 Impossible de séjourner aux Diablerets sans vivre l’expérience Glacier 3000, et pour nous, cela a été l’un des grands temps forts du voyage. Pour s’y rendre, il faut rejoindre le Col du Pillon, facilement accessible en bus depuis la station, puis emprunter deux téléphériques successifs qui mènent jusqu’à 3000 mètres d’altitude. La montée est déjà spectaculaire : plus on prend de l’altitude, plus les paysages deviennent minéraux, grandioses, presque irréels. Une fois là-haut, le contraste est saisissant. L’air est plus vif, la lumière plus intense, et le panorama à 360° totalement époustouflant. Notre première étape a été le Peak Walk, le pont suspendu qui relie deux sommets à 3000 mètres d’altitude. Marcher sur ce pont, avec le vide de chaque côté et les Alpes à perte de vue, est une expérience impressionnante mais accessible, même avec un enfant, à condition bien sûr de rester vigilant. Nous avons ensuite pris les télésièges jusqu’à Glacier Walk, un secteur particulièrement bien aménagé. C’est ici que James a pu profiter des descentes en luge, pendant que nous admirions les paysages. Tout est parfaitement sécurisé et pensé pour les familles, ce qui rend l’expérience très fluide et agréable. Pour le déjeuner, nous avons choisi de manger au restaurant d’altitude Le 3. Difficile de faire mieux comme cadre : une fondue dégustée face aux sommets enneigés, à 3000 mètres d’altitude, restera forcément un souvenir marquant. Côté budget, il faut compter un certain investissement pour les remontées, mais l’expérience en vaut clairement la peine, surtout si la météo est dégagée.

+--

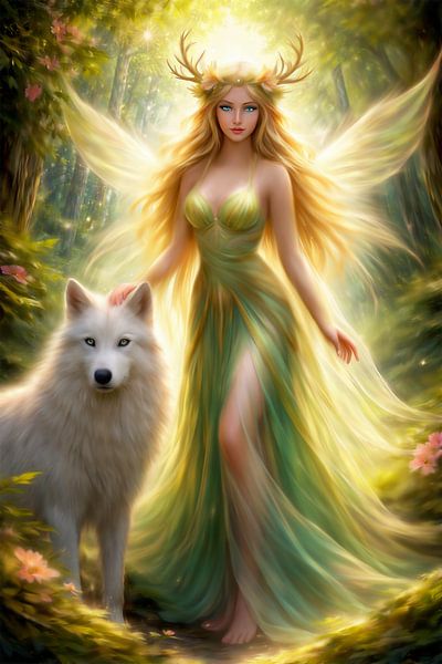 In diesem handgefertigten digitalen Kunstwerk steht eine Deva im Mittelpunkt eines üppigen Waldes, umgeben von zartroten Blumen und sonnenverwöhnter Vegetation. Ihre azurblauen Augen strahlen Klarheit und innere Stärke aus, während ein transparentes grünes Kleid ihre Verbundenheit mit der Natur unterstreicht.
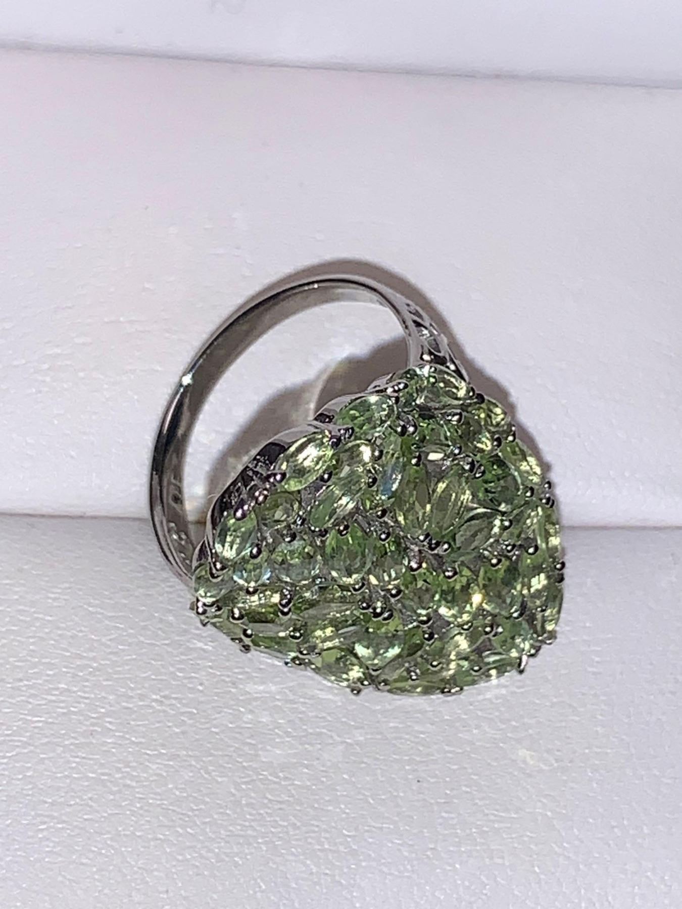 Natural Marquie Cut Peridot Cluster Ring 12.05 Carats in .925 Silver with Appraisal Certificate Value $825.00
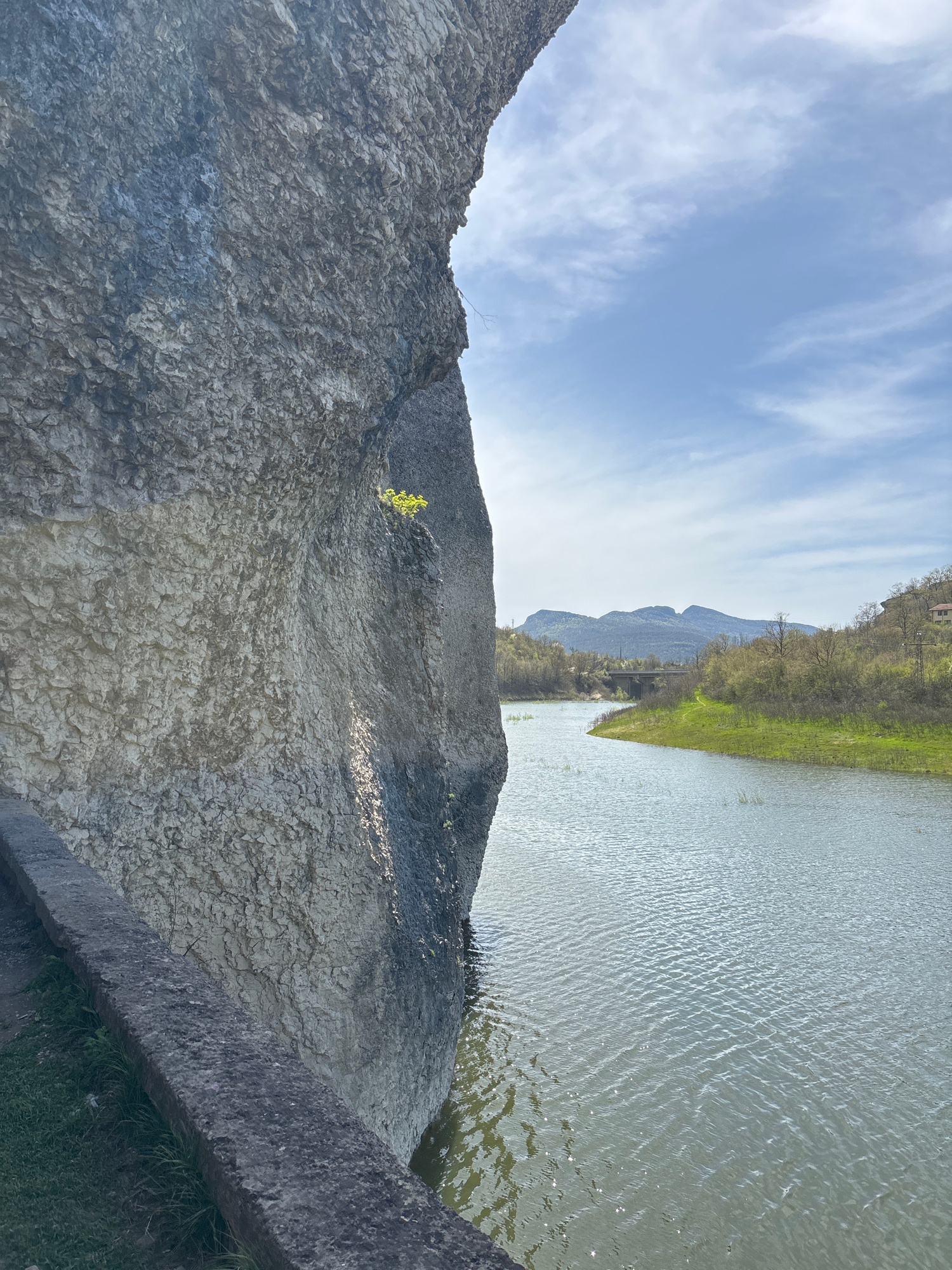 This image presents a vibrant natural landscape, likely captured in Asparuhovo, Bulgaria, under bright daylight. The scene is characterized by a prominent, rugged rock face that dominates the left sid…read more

+--

Within the listing above, the stretch from the line with "Natural Marquie Cut" down to the line with "This image presents" is to be given again exactly, end lines included and pictures excluded.

Solution to the exercise |
 Natural Marquie Cut Peridot Cluster Ring 12.05 Carats in .925 Silver with Appraisal Certificate Value $825.00
 This image presents a vibrant natural landscape, likely captured in Asparuhovo, Bulgaria, under bright daylight. The scene is characterized by a prominent, rugged rock face that dominates the left sid…read more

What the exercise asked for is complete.